(Data records)
*** Begin section ***
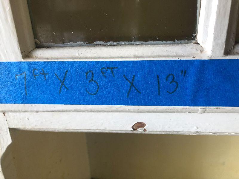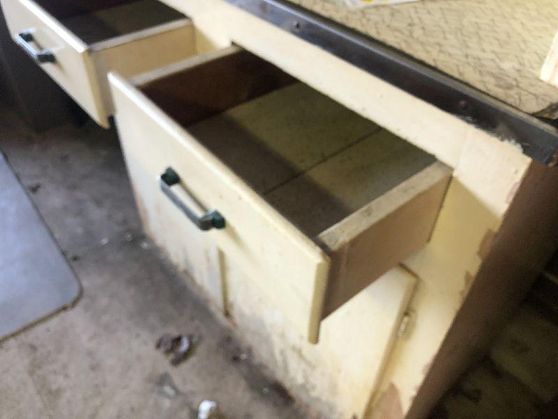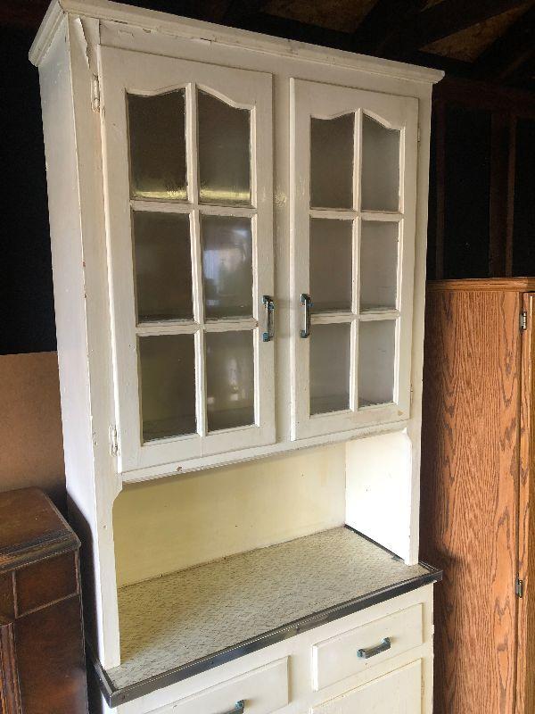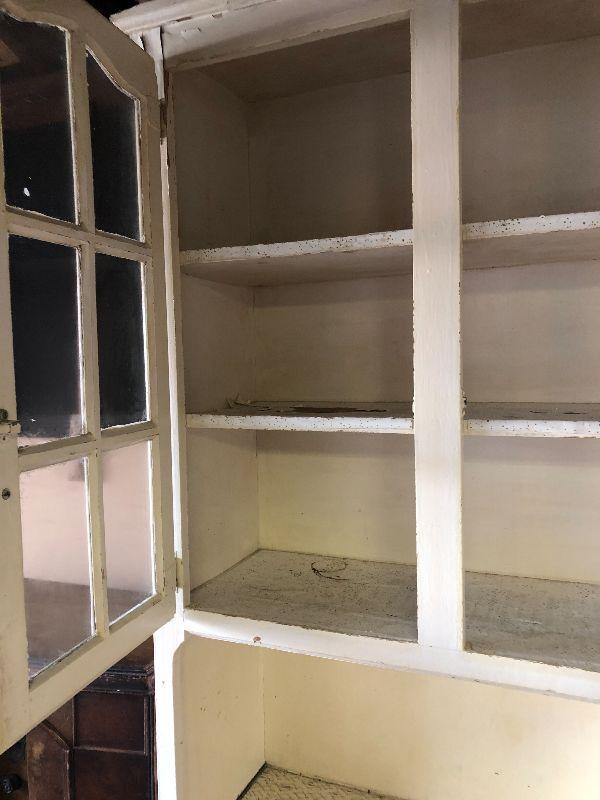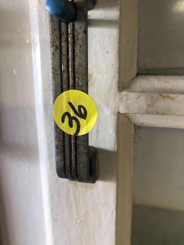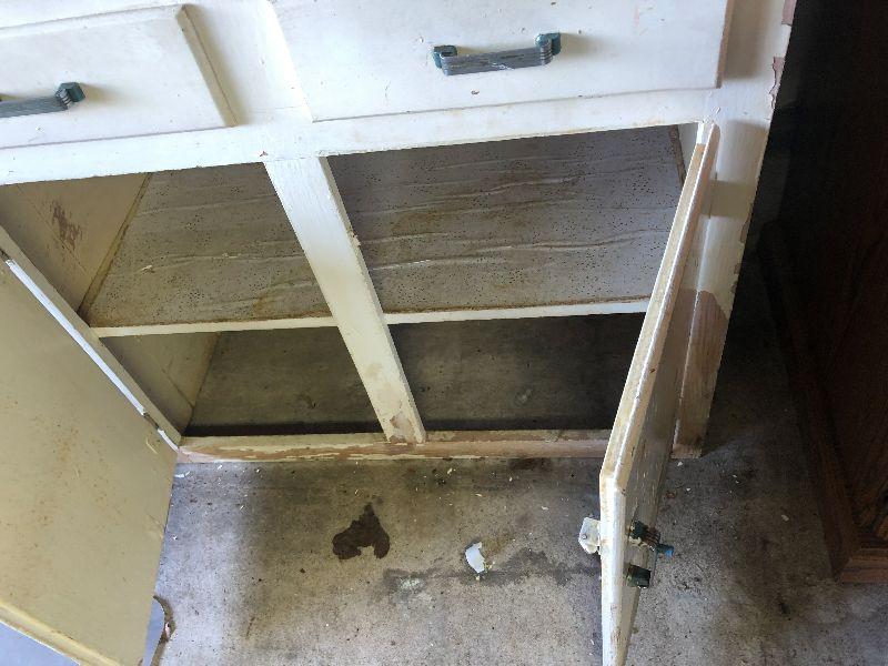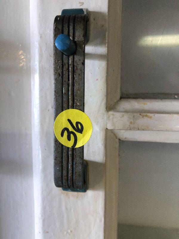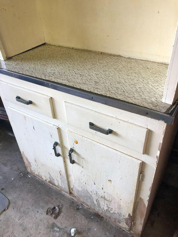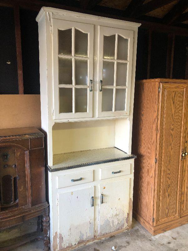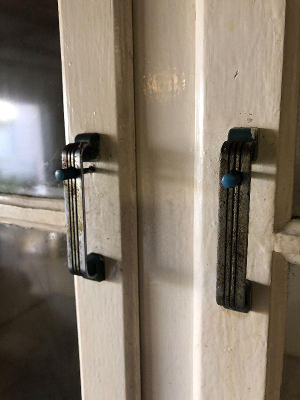 With a little elbow grease and paint, this will make a great cabinet! Check out the art deco, teal colored knobs! *Please review all photos for condition and contents of lot.
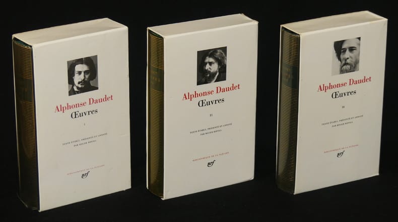 Gallimard Bibliothèque de la Pléiade Reliure d'éditeur 2001 Trois volumes in-12 (11 x 17,5 cm), reliures d'éditeur pleine peau sous rhodoïds et emboîtages illustrés d'un portrait, XXII-1726, 1512 et 1419 pages, Tome 1 (1986) : Le Petit Chose - Lettres de mon moulin - Lettres à un absent - Tartarin de Tarascon - Contes du lundi - Robert Helmont - Fromont jeune et Risler aîné - Appendices // Tome 2 (1990) : Jack - Le Nabab - Les Rois en exil - Appendices // Tome 3 (1994) : Numa Roumestan - L'Évangéliste - Sapho - Tartarin sur les Alpes - L'Immortel - Port-Tarascon - La Fédor - Le Trésor d'Arlatan, texte établi, présenté et annoté par Roger Ripoll ; étuis tachés, rhodoïds avec des traces de frottement, les livres en eux-même sont en très bel état. Livraison a domicile (La Poste) ou en Mondial Relay sur simple demande.
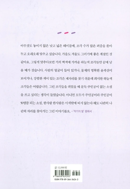 50명의 등장인물(실은 그보다 더되는)이 나오는 이 소설은 정말 게임같고 퍼즐같았다. 책장을 넘기면 넘길수록 나타나는 새로운 인물의 사연은 저마다 작은 세계관을 속속들이 담고 있었다. 새 페이지에서 스멀스멀 등장하는 익숙한 이름들을 토대로 이전 챕터를 다시 훑는 과정은 흩어진 퍼즐 조각을 살펴보는 듯 했다. 우리의 인생살이가 그렇듯이, 등장인물들은 알게 모르게 서로의 배경과 일상에 스며들고 있었다.
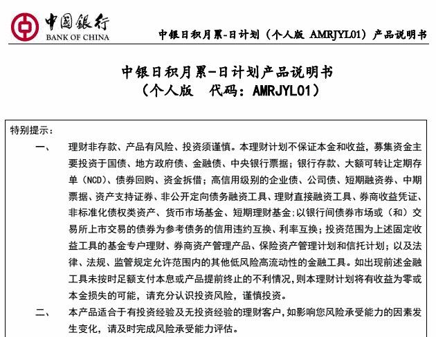 据产品说明书,“中银日积月累-日计划”为一款中低风险、高流动性银行理财产品。
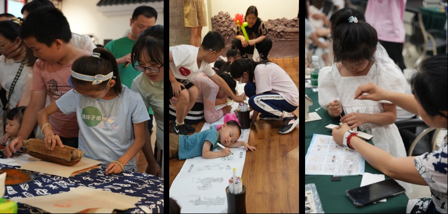 活动根据年龄段设置了不同的项目,包括气球派送、魔术表演、绘本共读、亲子DIY“航天卫星模型”、雕版印刷、书签制作、三星堆主题线稿涂色传统文化体验等。在小丑气球派送的热烈氛围中,活动拉开了序幕,孩子们通过与小丑魔术表演互动热身,积极参与到活动中去。活动巧妙地将现代科学知识普及与传统文化传递有机结合起来,寓教于乐,为家长和孩子提供了共同参与的机会与平台,不仅增进了亲子关系,也在孩子心中种下了科学的种子,同时使他们对传统文化有个更深入的了解,增强了文化自信。
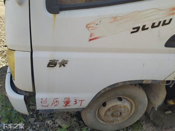 驾驶室的车门上有一条由前部向后贯穿的线条,并且粘贴了吉卡的标识,提高了车辆的品牌辨识度,但由于缺乏保养已黯淡无光。
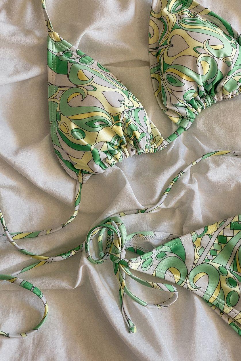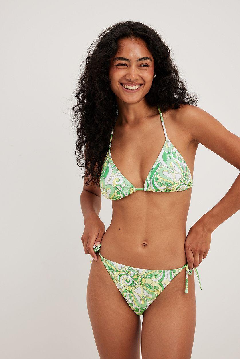 This bikini bottom features stretchy swimsuit material and a high waist fit. It has a high cut leg and a self tie closure on the sides.
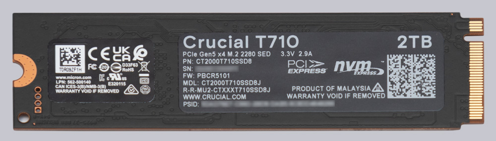 Die T710 M.2 SSD ist ausschließlich im 2280 Format mit oder ohne Kühlkörper erhältlich und stellt das aktuelle Consumer Topmodell von Crucial dar. Sie ist die direkte Nachfolgerin der T700 und der T705, wobei die T700 die erste Gen5 SSD war, die Crucial 2023 im Desktopbereich auf den Markt brachte. Mittlerweile bietet Crucial mehrere Gen5 Modelle an, die sich hauptsächlich in Performance und Strombedarf unterscheiden und somit verschiedene Zielgruppen ansprechen. Die T710 ist für Hochleistungs-Desktop-PCs und Laptops gedacht, eignet sich aber auch für den Einsatz in einer PS5, wo sie jedoch durch die Hardware der PS5 auf Gen4 begrenzt wird.
*** End section ***
Return the records above verbatim, leaving out images.

_Written solution_.
 With a little elbow grease and paint, this will make a great cabinet! Check out the art deco, teal colored knobs! *Please review all photos for condition and contents of lot.
 Gallimard Bibliothèque de la Pléiade Reliure d'éditeur 2001 Trois volumes in-12 (11 x 17,5 cm), reliures d'éditeur pleine peau sous rhodoïds et emboîtages illustrés d'un portrait, XXII-1726, 1512 et 1419 pages, Tome 1 (1986) : Le Petit Chose - Lettres de mon moulin - Lettres à un absent - Tartarin de Tarascon - Contes du lundi - Robert Helmont - Fromont jeune et Risler aîné - Appendices // Tome 2 (1990) : Jack - Le Nabab - Les Rois en exil - Appendices // Tome 3 (1994) : Numa Roumestan - L'Évangéliste - Sapho - Tartarin sur les Alpes - L'Immortel - Port-Tarascon - La Fédor - Le Trésor d'Arlatan, texte établi, présenté et annoté par Roger Ripoll ; étuis tachés, rhodoïds avec des traces de frottement, les livres en eux-même sont en très bel état. Livraison a domicile (La Poste) ou en Mondial Relay sur simple demande.
 50명의 등장인물(실은 그보다 더되는)이 나오는 이 소설은 정말 게임같고 퍼즐같았다. 책장을 넘기면 넘길수록 나타나는 새로운 인물의 사연은 저마다 작은 세계관을 속속들이 담고 있었다. 새 페이지에서 스멀스멀 등장하는 익숙한 이름들을 토대로 이전 챕터를 다시 훑는 과정은 흩어진 퍼즐 조각을 살펴보는 듯 했다. 우리의 인생살이가 그렇듯이, 등장인물들은 알게 모르게 서로의 배경과 일상에 스며들고 있었다.
 据产品说明书,“中银日积月累-日计划”为一款中低风险、高流动性银行理财产品。
 活动根据年龄段设置了不同的项目,包括气球派送、魔术表演、绘本共读、亲子DIY“航天卫星模型”、雕版印刷、书签制作、三星堆主题线稿涂色传统文化体验等。在小丑气球派送的热烈氛围中,活动拉开了序幕,孩子们通过与小丑魔术表演互动热身,积极参与到活动中去。活动巧妙地将现代科学知识普及与传统文化传递有机结合起来,寓教于乐,为家长和孩子提供了共同参与的机会与平台,不仅增进了亲子关系,也在孩子心中种下了科学的种子,同时使他们对传统文化有个更深入的了解,增强了文化自信。
 驾驶室的车门上有一条由前部向后贯穿的线条,并且粘贴了吉卡的标识,提高了车辆的品牌辨识度,但由于缺乏保养已黯淡无光。
 This bikini bottom features stretchy swimsuit material and a high waist fit. It has a high cut leg and a self tie closure on the sides.
 Die T710 M.2 SSD ist ausschließlich im 2280 Format mit oder ohne Kühlkörper erhältlich und stellt das aktuelle Consumer Topmodell von Crucial dar. Sie ist die direkte Nachfolgerin der T700 und der T705, wobei die T700 die erste Gen5 SSD war, die Crucial 2023 im Desktopbereich auf den Markt brachte. Mittlerweile bietet Crucial mehrere Gen5 Modelle an, die sich hauptsächlich in Performance und Strombedarf unterscheiden und somit verschiedene Zielgruppen ansprechen. Die T710 ist für Hochleistungs-Desktop-PCs und Laptops gedacht, eignet sich aber auch für den Einsatz in einer PS5, wo sie jedoch durch die Hardware der PS5 auf Gen4 begrenzt wird.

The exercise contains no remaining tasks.